Summary of key points: -

  • How the Fed pivot on monetary policy came about
  • How does the NZ economy extricate itself from the debilitating stagflation?

Season’s Greetings to all our readers – the next publication will be on January 7th 2024


How the Fed pivot on monetary policy came about

In last week’s column we led with the headline “US markets price-in victory on inflation – it just needs the Fed to confirm”. We did not anticipate that the Fed would confirm a pivot on monetary policy so soon.

However, last week’s Fed meeting certainly turbocharged a slide in interest rates and the US dollar value that will go down in financial market history as the largest ever climb-down on setting monetary policy. The Fed revised down both their GDP growth and inflation forecasts for the US economy, sending 10-year Treasury Bond yields sharply lower again from 4.24% to 3.91% and the US dollar spiraling lower from 104.00 on the Dixy Index to a low of 101.50 (a 2.40% decline on the day). The Fed no longer see risks of inflation rearing up again and are now more comfortable that a softening labour market is not going to cause upward wage and price pressures.

Central banks like the US Federal Reserve often observe and criticise the “reef-fish” like skittish behaviour of financial markets causing volatile movements up and down for no fundamental rhyme or reason. In a review of their own behaviour in 2023, the august members of Fed may ponder how the abrupt and unfathomable changes in their own interest rates forecasts caused more financial market volatility than was necessary. A simple review of their “dot-plot” interest rate forecasts from June, September and December confirms that the Fed members themselves are as skittish and inconsistent as the market reef fish. Not that much changed with the trends of inflation, employment, housing, consumer spending and manufacturing in the US economy from September to December to cause such a sudden U-turn in viewpoint and outlook. Maybe the lower interest rate forecasts in the December dot-plot was the admission that their higher September interest rate forecasts were horribly wrong. There have been many forward indicators for inflation and jobs in the US economy since June that have pointed to a continuation of the steep downtrend in inflation and a softening of the labour market conditions. It has just taken an extraordinary length of time for the Fed and the markets to conclude that interest rates did not need to go any higher and would need to come down in 2024 to avoid a recession.

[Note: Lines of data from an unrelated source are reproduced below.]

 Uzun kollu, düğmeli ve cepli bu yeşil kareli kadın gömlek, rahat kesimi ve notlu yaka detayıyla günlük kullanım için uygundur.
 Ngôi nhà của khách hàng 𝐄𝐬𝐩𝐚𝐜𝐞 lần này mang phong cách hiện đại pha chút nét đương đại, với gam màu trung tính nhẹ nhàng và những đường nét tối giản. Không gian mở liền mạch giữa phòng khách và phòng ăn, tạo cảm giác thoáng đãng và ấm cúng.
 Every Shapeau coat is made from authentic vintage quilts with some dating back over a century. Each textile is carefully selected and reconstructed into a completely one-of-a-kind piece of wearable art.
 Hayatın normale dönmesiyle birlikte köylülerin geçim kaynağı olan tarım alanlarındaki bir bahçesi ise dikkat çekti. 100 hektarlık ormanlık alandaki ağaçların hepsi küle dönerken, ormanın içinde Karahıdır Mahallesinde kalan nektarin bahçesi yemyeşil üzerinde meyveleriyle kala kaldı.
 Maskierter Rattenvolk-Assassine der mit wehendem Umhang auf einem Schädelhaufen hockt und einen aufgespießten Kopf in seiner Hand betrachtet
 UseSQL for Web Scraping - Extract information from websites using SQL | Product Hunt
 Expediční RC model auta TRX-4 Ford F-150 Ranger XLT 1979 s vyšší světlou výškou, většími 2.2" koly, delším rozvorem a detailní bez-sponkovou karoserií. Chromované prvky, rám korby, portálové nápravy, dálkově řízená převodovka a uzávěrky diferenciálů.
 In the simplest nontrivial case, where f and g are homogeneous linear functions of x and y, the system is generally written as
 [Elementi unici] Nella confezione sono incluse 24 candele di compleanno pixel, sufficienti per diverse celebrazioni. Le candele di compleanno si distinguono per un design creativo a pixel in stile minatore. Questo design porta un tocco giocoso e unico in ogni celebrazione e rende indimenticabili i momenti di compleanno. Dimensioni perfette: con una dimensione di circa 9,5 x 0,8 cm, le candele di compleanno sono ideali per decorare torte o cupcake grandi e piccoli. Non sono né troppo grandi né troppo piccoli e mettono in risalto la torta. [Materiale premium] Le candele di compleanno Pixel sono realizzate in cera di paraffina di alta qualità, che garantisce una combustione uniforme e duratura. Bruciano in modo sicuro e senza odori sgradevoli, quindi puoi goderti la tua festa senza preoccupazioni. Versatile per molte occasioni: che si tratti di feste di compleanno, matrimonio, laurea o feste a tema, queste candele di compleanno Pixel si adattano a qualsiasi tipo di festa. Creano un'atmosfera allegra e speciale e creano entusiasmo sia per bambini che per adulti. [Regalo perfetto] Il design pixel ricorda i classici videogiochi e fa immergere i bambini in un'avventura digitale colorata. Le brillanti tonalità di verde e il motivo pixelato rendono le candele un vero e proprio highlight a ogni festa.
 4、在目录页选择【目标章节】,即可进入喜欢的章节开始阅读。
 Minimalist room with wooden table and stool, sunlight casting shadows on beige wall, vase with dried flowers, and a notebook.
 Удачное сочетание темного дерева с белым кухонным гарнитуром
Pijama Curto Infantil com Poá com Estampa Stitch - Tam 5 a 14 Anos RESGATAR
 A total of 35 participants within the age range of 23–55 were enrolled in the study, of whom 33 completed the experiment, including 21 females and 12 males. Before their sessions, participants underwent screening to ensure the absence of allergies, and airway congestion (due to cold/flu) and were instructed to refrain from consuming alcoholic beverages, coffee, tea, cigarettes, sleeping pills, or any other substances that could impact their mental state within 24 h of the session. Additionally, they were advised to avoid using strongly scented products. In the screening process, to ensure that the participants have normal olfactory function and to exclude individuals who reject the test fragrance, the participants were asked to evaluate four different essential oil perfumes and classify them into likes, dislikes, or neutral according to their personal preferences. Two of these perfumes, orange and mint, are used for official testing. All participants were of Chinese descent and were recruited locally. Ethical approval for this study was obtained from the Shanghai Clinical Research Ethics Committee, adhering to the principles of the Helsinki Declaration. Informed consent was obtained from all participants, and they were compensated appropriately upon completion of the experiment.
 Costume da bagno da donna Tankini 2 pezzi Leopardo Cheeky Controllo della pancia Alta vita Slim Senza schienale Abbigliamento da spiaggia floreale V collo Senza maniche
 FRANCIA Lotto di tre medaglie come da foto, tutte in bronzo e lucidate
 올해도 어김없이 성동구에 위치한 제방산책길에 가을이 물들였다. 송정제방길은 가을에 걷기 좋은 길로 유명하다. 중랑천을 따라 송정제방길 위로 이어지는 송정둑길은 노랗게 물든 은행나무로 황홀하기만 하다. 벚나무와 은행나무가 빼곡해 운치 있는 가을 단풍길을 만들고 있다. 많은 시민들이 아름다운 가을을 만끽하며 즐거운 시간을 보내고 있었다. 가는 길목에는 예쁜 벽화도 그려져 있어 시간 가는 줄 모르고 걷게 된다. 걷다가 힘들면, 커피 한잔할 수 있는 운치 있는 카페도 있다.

What it means for the NZD/USD exchange rate value: -

  • US interest rates are cut earlier and by more in 2024 than New Zealand interest rates.
  • The widening interest rate differential to over 1.00% should attract “carry-trade” funds into the Kiwi dollar, particularly if the Australian/US interest rate differential also widens, causing the undervalued AUD to appreciate (NZD following).
  • Further falls in US inflation and interest rates are likely to depreciate the US dollar back to 95.00 on the Dixy Index, where it stood before the increase in inflation and interest rates commenced in 2021. A USD Index at 95.00 is equivalent to an NZD/USD exchange rate of 0.6800.
  • Global funds reducing their USD weightings will seek out alternative currencies to invest into. The Euro does not seem that attractive given Europe’s weak economic growth, therefore the Antipodean currencies might stand out as both undervalued and a long way from global trouble-spots.
  • Speculative currency positioning (as measured by the CFTC) saw long USD Index positions being pegged back to 17,600 contracts over recent weeks. Long USD positions peaked at 45,000 contracts in mid-2022, however further unwinding of positions (USD selling) is likely to see long USD contracts decline right back to zero - where they were in mid-2021.
  • US investment fund flows are already flooding back into Emerging Market ETF’s (bonds and equities) as those economies benefits from lower US interest rates and higher export commodity prices in local currency terms. The Kiwi and Aussie dollars always benefit when Emerging Markets as an investment asset class moves higher.

How does the NZ economy extricate itself from the debilitating stagflation?

We know how the New Zealand economy got into this stagflation predicament, but are we collectively smart enough to extract ourselves out of it?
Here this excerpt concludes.